From base model to deployed reasoning agent - every LLM post-training technique, implemented and benchmarked.

What is this?

A Python package implementing the complete LLM post-training pipeline: Supervised Fine-Tuning (SFT), Group Relative Policy Optimization (GRPO) with verifiable math rewards, and Direct Preference Optimization (DPO). Includes evaluation benchmarks via lm-evaluation-harness and multi-backend inference serving (Unsloth, vLLM, MLX). Built for learning and demonstration, designed to run on free Colab GPUs with QLoRA and Unsloth for memory-efficient training on Qwen2.5-3B.

Pipeline

graph LR
    A[Qwen2.5-3B<br/>Base Model] --> B[SFT<br/>Instruction Following]
    B --> C[GRPO<br/>Math Reasoning via RL]
    B --> D[DPO<br/>Preference Alignment]
    C --> E[Evaluation<br/>GSM8K, MATH, ARC]
    D --> E
    E --> F[Inference<br/>Unsloth / vLLM / MLX]

Quick Start

# Install
pip install git+https://github.com/sacredvoid/alignrl.git

# Train (SFT as an example)
alignrl train sft -c configs/sft.yaml

# Evaluate
alignrl eval --adapter ./outputs/sft/final --stage sft

# Launch comparison demo
alignrl serve --stages base sft=./outputs/sft/final grpo=./outputs/grpo/final

For GPU training, install with the train and unsloth extras:

pip install "alignrl[train,unsloth] @ git+https://github.com/sacredvoid/alignrl.git"

Notebooks

Each notebook is self-contained and runs end-to-end on a free Colab T4 GPU.

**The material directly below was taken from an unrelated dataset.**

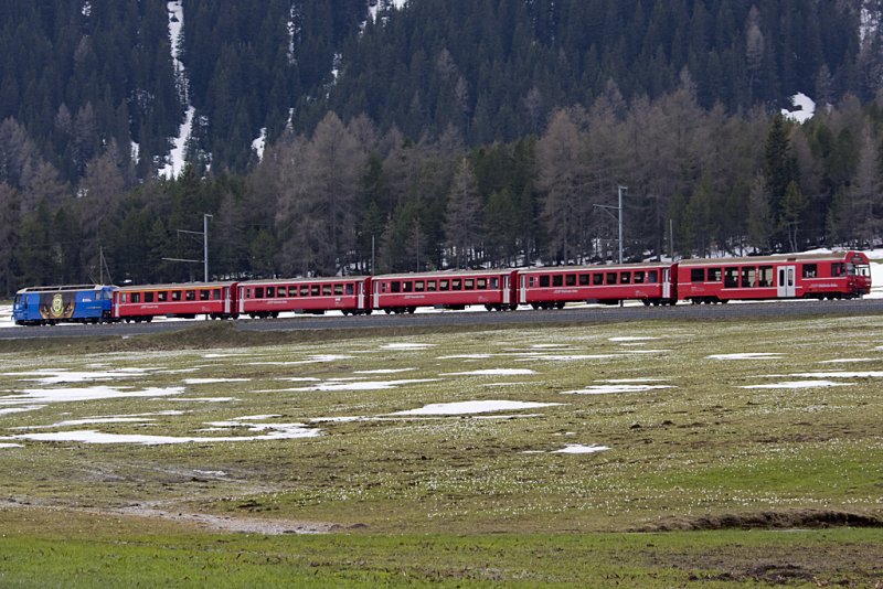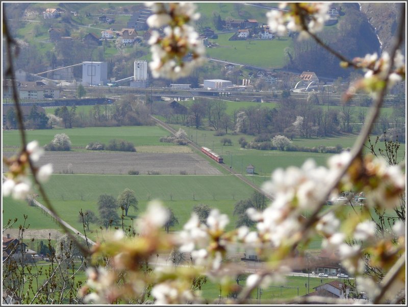 Nach dem Abstieg vom Fadärastein erreichen wir die ersten Kirschbäume oberhalb von Malans und schon kommt RE1245 nach Scuol-Tarasp ins Blickfeld. Er ist zwischen Landquart und Malans unterwegs. (13.04.2008) Herbert Graf
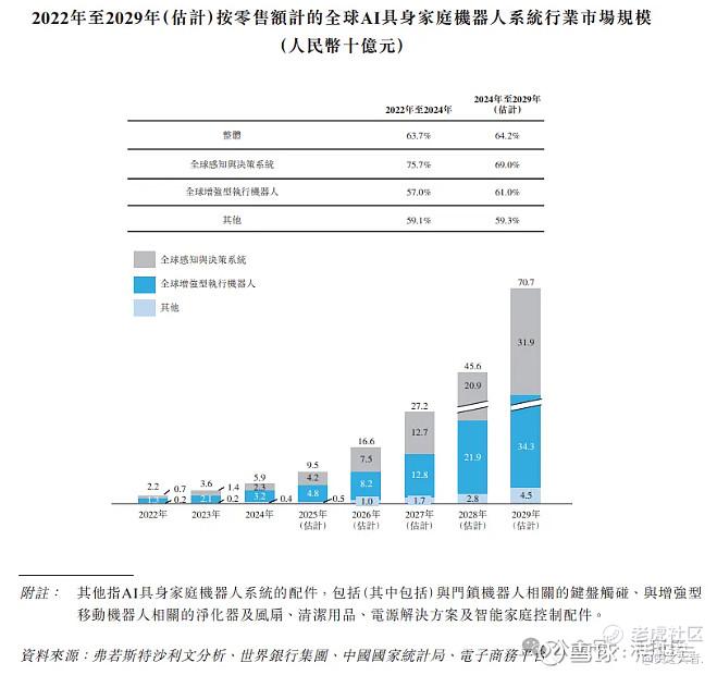 根据弗若斯特沙利文(Frost & Sullivan)的报告,按零售额计,全球AI具身家庭机器人系统行业的市场规模从2022年的人民币22亿元增长至2024年的人民币59亿元,期间复合年增长率约为63.7%。预计2029年市场规模将达到人民币707亿元,2024年至2029年的复合年增长率约为64.2%。

# Notebook Technique Colab
01 SFT on OpenHermes-2.5 Supervised Fine-Tuning with QLoRA Open in Colab
02 GRPO on GSM8K RL with Verifiable Math Rewards Open in Colab
03 DPO on UltraFeedback Direct Preference Optimization Open in Colab
04 Benchmark Evaluation lm-evaluation-harness across stages Open in Colab
05 Inference Comparison Side-by-side Gradio demo Open in Colab

Benchmark Results

All evaluations run on Qwen2.5-3B with QLoRA adapters. Best score per benchmark in bold.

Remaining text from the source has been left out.